From: Djalal Harouni
Date: Thu May 05 2016 - 03:37:02 EST

On Wed, May 04, 2016 at 05:06:19PM -0400, James Bottomley wrote:
> On Wed, 2016-05-04 at 16:26 +0200, Djalal Harouni wrote:
> > This is version 2 of the VFS:userns support portable root filesystems
> > RFC. Changes since version 1:
> >
> > * Update documentation and remove some ambiguity about the feature.
> > Based on Josh Triplett comments.
> > * Use a new email address to send the RFC :-)
> >
> >
> > This RFC tries to explore how to support filesystem operations inside
> > user namespace using only VFS and a per mount namespace solution.
> > This
> > allows to take advantage of user namespace separations without
> > introducing any change at the filesystems level. All this is handled
> > with the virtual view of mount namespaces.
> >
> >
> > 1) Presentation:
> > ================
> >
> > The main aim is to support portable root filesystems and allow
> > containers, virtual machines and other cases to use the same root
> > filesystem. Due to security reasons, filesystems can't be mounted
> > inside user namespaces, and mounting them outside will not solve the
> > problem since they will show up with the wrong UIDs/GIDs. Read and
> > write operations will also fail and so on.
> >
> > The current userspace solution is to automatically chown the whole
> > root filesystem before starting a container, example:
> > (host) init_user_ns 1000000:1065536 => (container) user_ns_X1
> > 0:65535
> > (host) init_user_ns 2000000:2065536 => (container) user_ns_Y1
> > 0:65535
> > (host) init_user_ns 3000000:3065536 => (container) user_ns_Z1
> > 0:65535
> > ...
> >
> > Every time a chown is called, files are changed and so on... This
> > prevents to have portable filesystems where you can throw anywhere
> > and boot. Having an extra step to adapt the filesystem to the current
> > mapping and persist it will not allow to verify its integrity, it
> > makes snapshots and migration a bit harder, and probably other
> > limitations...
> >
> > It seems that there are multiple ways to allow user namespaces
> > combine nicely with filesystems, but none of them is that easy. The
> > bind mount and pin the user namespace during mount time will not
> > work, bind mounts share the same super block, hence you may endup
> > working on the wrong vfsmount context and there is no easy way to get
> > out of that...
> So this option was discussed at the recent LSF/MM summit. The most
> supported suggestion was that you'd use a new internal fs type that had
> a struct mount with a new superblock and would copy the underlying
> inodes but substitute it's own with modified ->getatrr/->setattr calls
> that did the uid shift. In many ways it would be a remapping bind
> which would look similar to overlayfs but be a lot simpler.

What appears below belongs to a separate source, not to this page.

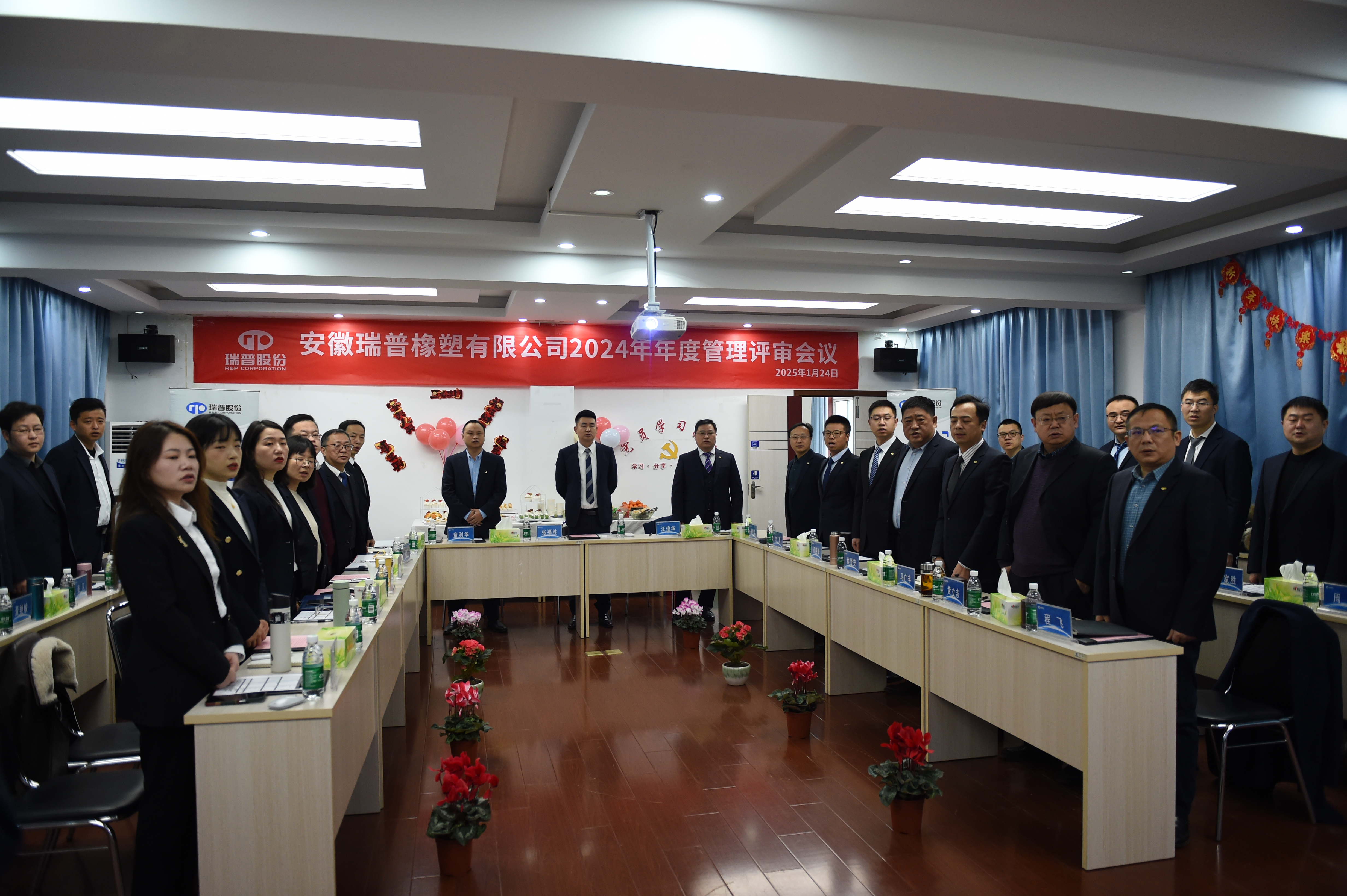 安徽瑞普橡塑有限公司于2025年1月24日上午8時,在寧國公司三樓會議室舉行2024年度管理評審會議。本次會議由集團公司質量部長祝珊珊擔任主持,公司高層管理人員以及各職能部門、子公司負責人共計三十余人出席會議。各職能部門、子公司負責人就2024年度的工作情況進行匯報,并對2025年的工作計劃及提升策略進行規劃。

Hmm, it's not only about ->getattr and ->setattr, you have all the other
file system operations that need access too... which brings two points:

1) This new internal fs may end up doing what this RFC does...

2) or by quoting "new internal fs + its own super block + copy underlying
inodes..." it seems like another overlayfs where you also need some
decisions to copy what, etc. So, will this be really
that light compared to current overlayfs ? not to mention that you need
to hook up basically the same logic or something else inside overlayfs..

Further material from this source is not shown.